When we start to take shorter breaths we tend to breathe with our chest instead of our diaphragm. Diaphragmatic breathing can reduce anxiety by increasing the amount of oxygen to our brain and muscles which reduces heart rate. One tip that makes this technique more effective is by breathing in with your nose and out with your mouth because it allows us to take fuller breaths, allowing more oxygen to spread throughout the body.
The 4-7-8 rule is a counting technique where you inhale from your diaphragm for 4 seconds, hold the breath for 7 seconds, and exhale for 8 seconds. This technique works wonders in regulating the breath back to a natural pace and relaxing the body.
Both of these techniques do not require a lot of time or energy so whenever you feel yourself starting to get a little panicky, remember that no matter where you are or what you feel, you always have your breath.
#3 Process of Elimination
When I start to get really nervous it is usually because I feel that something bad is going to happen, will happen, or is already in the process of happening. And on top of that, my mind does this thing where it tries to convince me that the thing that I absolutely do not want to happen has a very logical chance of happening. Or does it?
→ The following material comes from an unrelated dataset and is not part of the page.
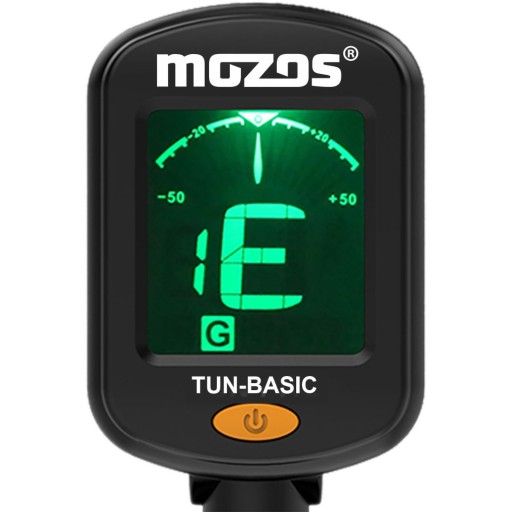 Precyzyjne strojenie instrumentu jest absolutną koniecznością. Nasz tuner kompatybilny jest z gitarami klasycznymi, akustycznymi, basowymi, elektroakustycznymi i elektrycznymi. Stroik sprawdzi się w także z ukulele i skrzypcami. Stroik jest bardzo prosty w użytkowaniu dzięki jednemu przyciskowi. Mozos Tun-Basic wyposażony też jest w ekran LCD z 2 kolorami podświetlenia (zielony-dostrojony, biały-rozstrojony). Dzięki obrotowej konstrukcji (dwuosiowej) ergonomia używania produktu jest na wysokim poziomie. Duży klips montażowy ułatwia aplikację na różnych gryfach oraz umożliwia używanie tunera w niesprzyjających warunkach akustycznych (np. na scenie w trakcie koncertu). Niewielki rozmiar i duża dokładność przy tak konkurencyjnej cenie gwarantuje zadowolenie z zakupu. Pojedyncza bateria litowa CR2032 zapewnia nieprzerwany czas pracy do 24 godzin, a funkcja automatycznego wyłączania oszczędza żywotność baterii, gdy tuner jest bezczynny.

This is where I start my process of elimination. For example, let’s say you dread being sick but you feel that your throat is scratchy. Nervous energy starts surging through you, but before the spiral begins, you start to break it down. Yes, you could be catching a cold. Or you could have slept in a dry environment, have not been drinking enough water, had your mouth open all night, been eating a lot of sweets, or you’ve been using your voice a lot. So, you have a ⅙ chance of getting sick but ⅚ chance that you are not. Are the odds in your favor?
I find this technique helpful because when your mind is trying to convince you of the “logical” impending doom, you strike back with some logic of your own.
#4 Have your Go-To’s in your back pocket
So we’ve started to calm the nervous system and are on our way to feeling good, but we still feel a little emotionally vulnerable. This is the moment where I like to break out my tried-and-trues. Even though you can probably recite the lines and accurately predict what’s going to happen next, those TV shows you’ve watched a million times can be extremely comforting in those moments when we feel on edge. If TV is not your go-to, no worries! It can be anything and everything that brings you comfort—wrapping yourself in a blanket, cooking, roasting marshmallows—if you name it, it belongs in this category.
#5 Go Outside
While going outside may be the absolute last thing you want to do when you’re not in the most confident mood, going outside requires that you remove yourself from your current environment (in which you feel anxious) and place yourself in a new environment. This simple act taking yourself from one environment and putting yourself in another can feel like a fresh start, even if it’s just right outside your home.
With a friend. A parent. A teacher. A therapist. Anyone other than you.
Sometimes I feel that all we need is to take that inner dialogue we’ve been ruminating on for days and say it out loud to someone else. The act of verbalizing what has been weighing our minds can give us such an emotional and mental stress relief. Then we can start to break down our thoughts, reason them out, and see if we still agree with what we were thinking. Whether we come to those conclusions on our own or with someone else, finding someone to listen may be just what you need.
You got this. You are in the driver’s seat. You have all the power you need to accomplish anything.